1.) A biochemistry student wants to make 4 liters of a phosphate solution using 48.6 g Na2HPO4 (FW=141.96) What is the concentration of this solution?
2. When she reaches the storeroom she finds that there is no Na2HPO4, however there is a bottle of hydrate Na2HPO4 * 7H20. (FW=268.07) how many grams of this salt should she use in order to make 4 liters with the same phosphate concentration as above?
1)
Given:
V = 4[L]
m1 = 48.6[g]
w1 = 141.96[g/mol]
Use:
c = m1/(w1*V)
2)
Given:
w2 = 268.07
Use:
m2/(w2*V) = m1/(w1*V)
.: m2 = m1*w2/w1
I'm actually still confused by this
To find the concentration of a solution, we need to determine the number of moles of the solute (in this case, Na2HPO4) and the volume of the solution.

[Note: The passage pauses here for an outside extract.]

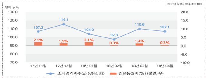 | ▲ 소매업 및 숙박·음식점업 소비경기지수 |
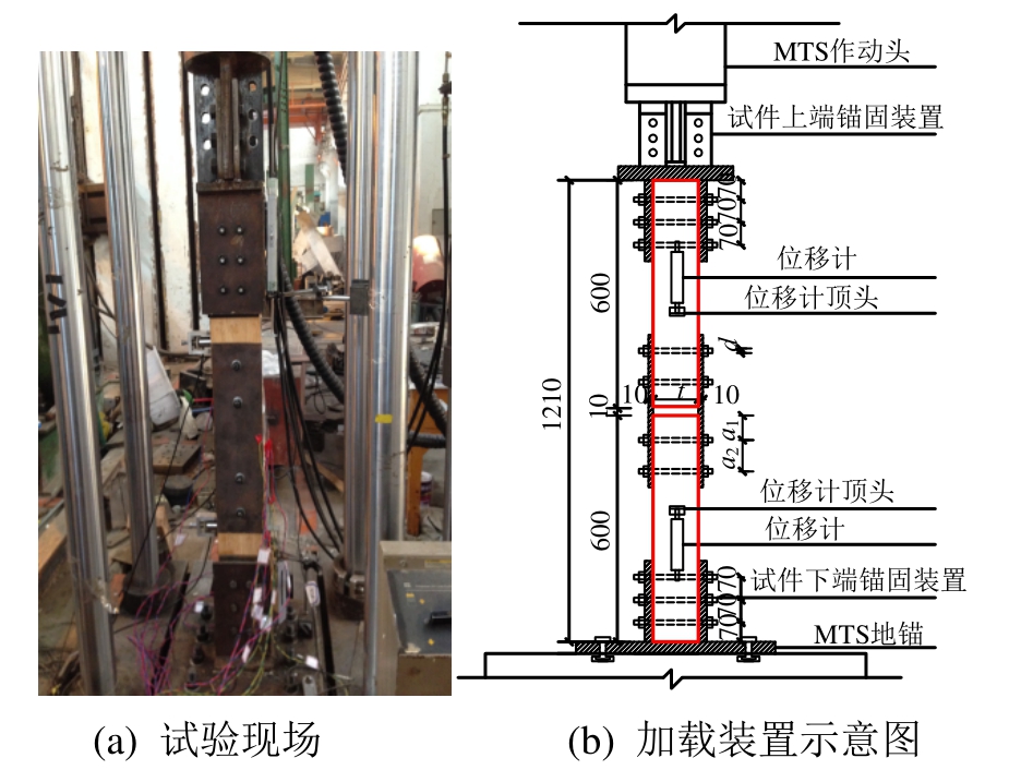 根据ASTM D5652-95[25]试验标准,试验采用两阶段加载。预加载以1.5 mm/min的加载速率单调加载,至试件预计承载力的 10%时停止加载并卸载。正式加载采用1 mm/min的加载速率,以位移控制实施加载,至试件破坏且荷载下降至约80%停止加载。

1. Concentration of the Na2HPO4 solution using 48.6 g:
- First, we need to convert the mass of Na2HPO4 to moles by dividing it by its molar mass.
Mass = 48.6 g
Molar mass of Na2HPO4 = 141.96 g/mol
Moles = Mass / Molar mass = 48.6 g / 141.96 g/mol = 0.342 mol
- The volume of the solution is given as 4 liters.
- Concentration(C) = Moles / Volume
= 0.342 mol / 4 L = 0.0855 mol/L
Therefore, the concentration of the Na2HPO4 solution is 0.0855 mol/L.
2. Now, let's find out the amount of hydrate Na2HPO4 * 7H2O required to make a 4L solution.
- The molecular weight of the hydrate Na2HPO4 * 7H2O is given as 268.07 g/mol.
- We know that the concentration of the solution should remain the same as in question 1.
- Concentration = 0.0855 mol/L
- Volume = 4 L
- Moles = Concentration * Volume
= 0.0855 mol/L * 4 L = 0.342 mol
- The molar ratio between anhydrous Na2HPO4 and hydrate Na2HPO4 * 7H2O is 1:1 (one mole to one mole).
- Therefore, to obtain the same number of moles, she should use 0.342 mol of the hydrate form of Na2HPO4 * 7H2O.
- Now, to find the mass, we will multiply the moles by the molar mass.
- Mass = Moles * Molar mass = 0.342 mol * 268.07 g/mol = 91.81 g
Therefore, she should use 91.81 g of Na2HPO4 * 7H2O to make a 4-liter solution with the same phosphate concentration as above.